One of those commissioners was Ward 1′s Jon Howard.
“I actually didn’t get a petition because when I was starting to get a petition, I asked Mr. Howard should I get a petition. He told me to wait and see. That he’ll send somebody out here and talk to me. Supposedly an engineer. That never happened,” Edwards said.
But Howard told WALB News 10 that the city did conduct a study in the area.
“We did go out and do a survey of it. And so the survey we did, like I said, requires 35 mph. But, unfortunately, the Brierwood area only came back 28,” Howard said. “And so the engineers made the decision that that was too slow to put speed tables in the neighborhood.”
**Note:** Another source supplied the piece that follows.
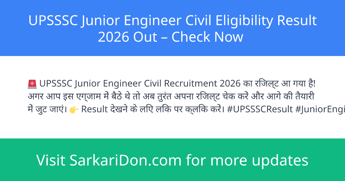 The Uttar Pradesh Subordinate Services Selection Commission (UPSSSC) has officially declared the eligibility result for the Junior Engineer Civil Recruitment 2026. Candidates who appeared for the recruitment process can now check their eligibility results online. It is important for candidates to verify their status promptly to proceed with the next stages of the recruitment.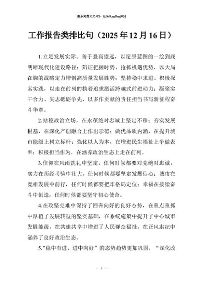 / 【七哥公文】2025年:工作报告类排比句(2025年12月16日)+更多免费公文+VX:QiGeGongWen2024

Howard said in order to have speed tables installed, a petition must be started. And 80% of the neighborhood must be homeowners.
Edwards said despite the city’s findings, he and his neighbors still have a chance at getting their needs fulfilled.
“Another study can be done,” he said. “And it’s a possibility that the speed would be up because of new individuals moving in a residential area. And speeders are coming through there. So we can always watch at the end of another grace period and do another study.”
Howard said the city is slowly, but surely working to address road issues. The city commissioner also said the city just installed speed bumps on the 2700 block of Yorktown Avenue, which is over a mile away from Brierwood Drive.